**Data provided:**
*** Block opens ***

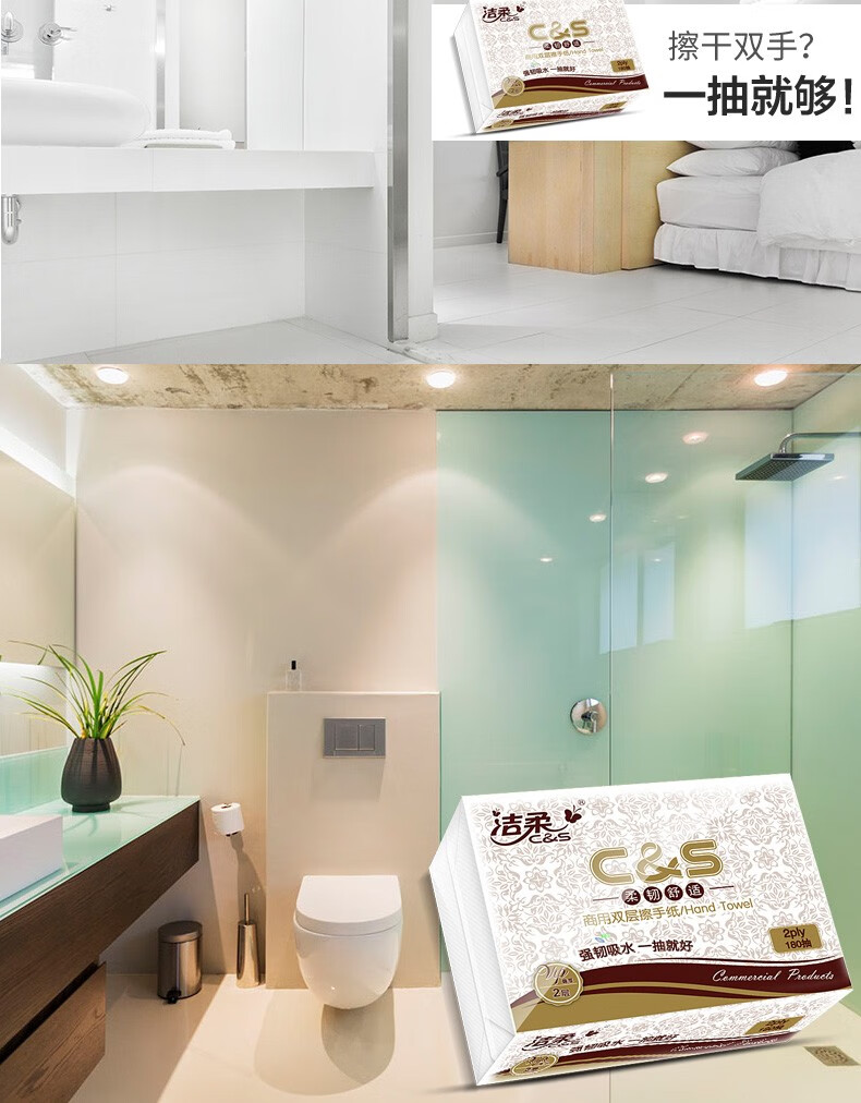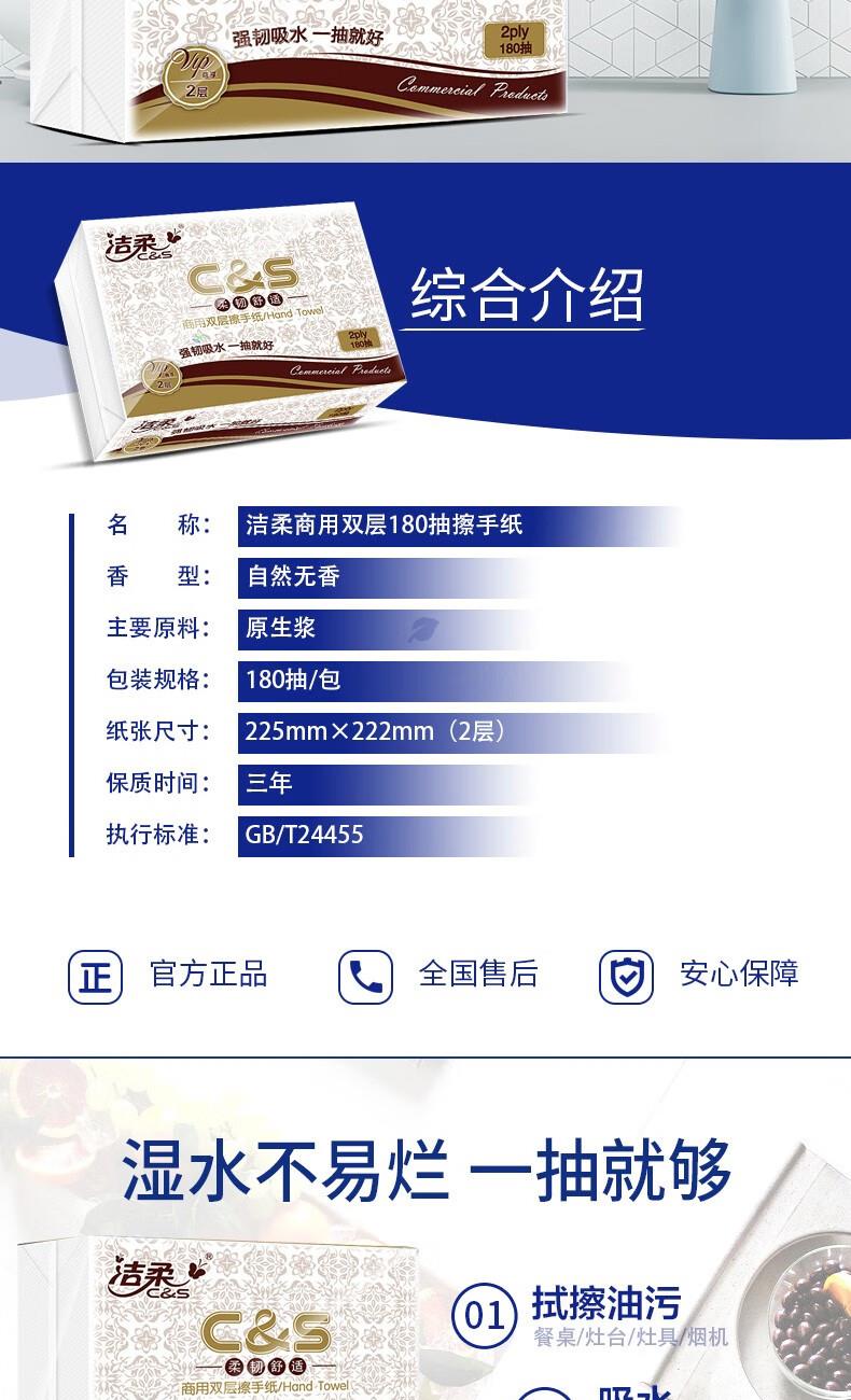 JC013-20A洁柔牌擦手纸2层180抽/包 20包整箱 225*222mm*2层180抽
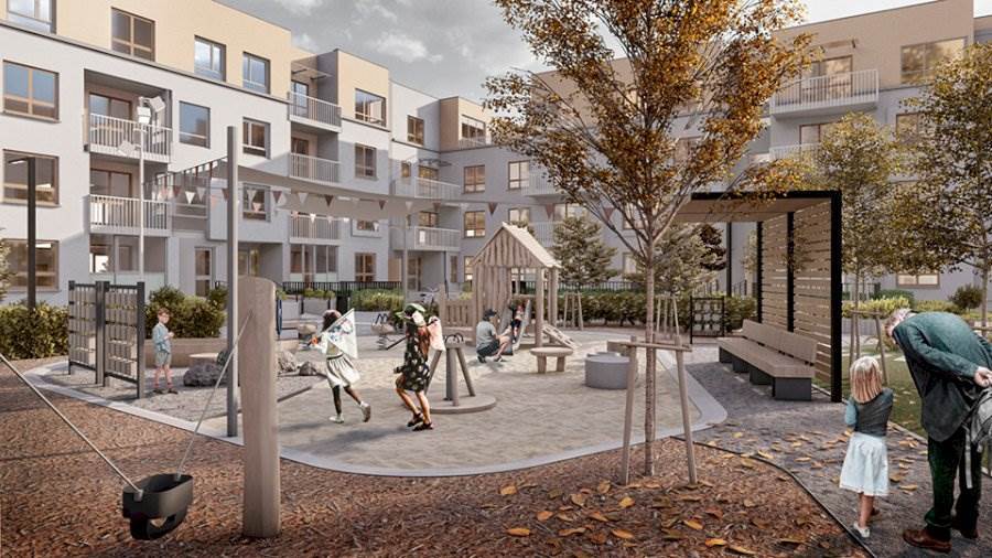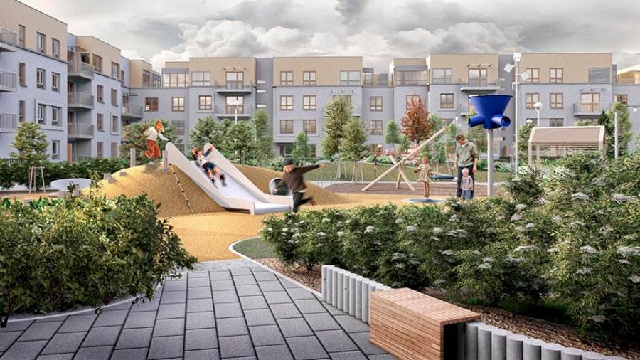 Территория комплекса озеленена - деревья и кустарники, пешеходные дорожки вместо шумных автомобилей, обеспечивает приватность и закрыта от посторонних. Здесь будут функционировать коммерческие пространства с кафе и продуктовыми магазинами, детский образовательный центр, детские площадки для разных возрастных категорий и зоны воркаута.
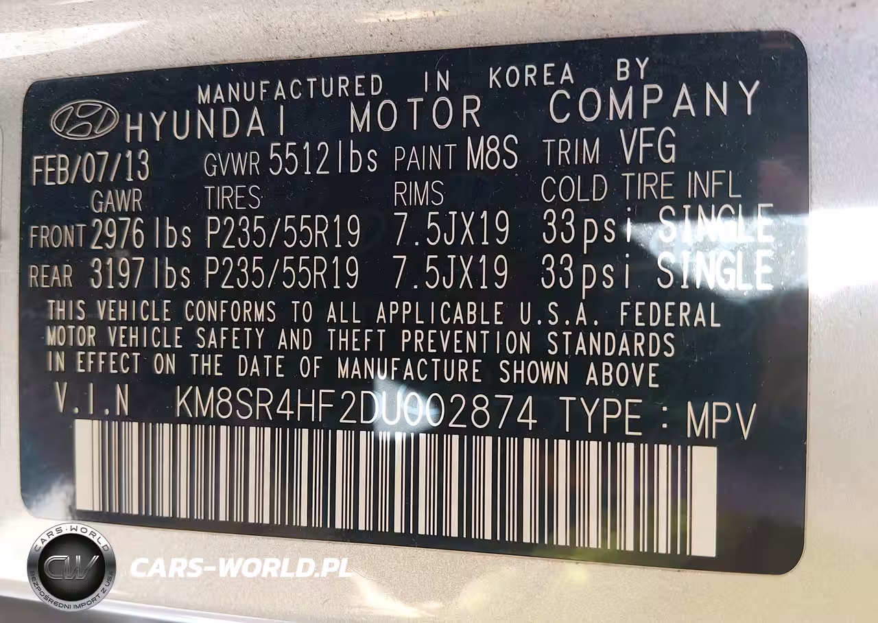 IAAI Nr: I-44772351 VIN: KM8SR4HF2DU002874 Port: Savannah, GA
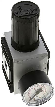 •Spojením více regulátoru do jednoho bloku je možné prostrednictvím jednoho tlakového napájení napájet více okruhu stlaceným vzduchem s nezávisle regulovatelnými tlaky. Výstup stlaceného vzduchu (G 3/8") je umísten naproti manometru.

*** Block closes ***

**Task goal:** Could you print the whole listing again, exactly, leaving the pictures out?

**Solution to this task:**
 JC013-20A洁柔牌擦手纸2层180抽/包 20包整箱 225*222mm*2层180抽
 Территория комплекса озеленена - деревья и кустарники, пешеходные дорожки вместо шумных автомобилей, обеспечивает приватность и закрыта от посторонних. Здесь будут функционировать коммерческие пространства с кафе и продуктовыми магазинами, детский образовательный центр, детские площадки для разных возрастных категорий и зоны воркаута.
 IAAI Nr: I-44772351 VIN: KM8SR4HF2DU002874 Port: Savannah, GA
 •Spojením více regulátoru do jednoho bloku je možné prostrednictvím jednoho tlakového napájení napájet více okruhu stlaceným vzduchem s nezávisle regulovatelnými tlaky. Výstup stlaceného vzduchu (G 3/8") je umísten naproti manometru.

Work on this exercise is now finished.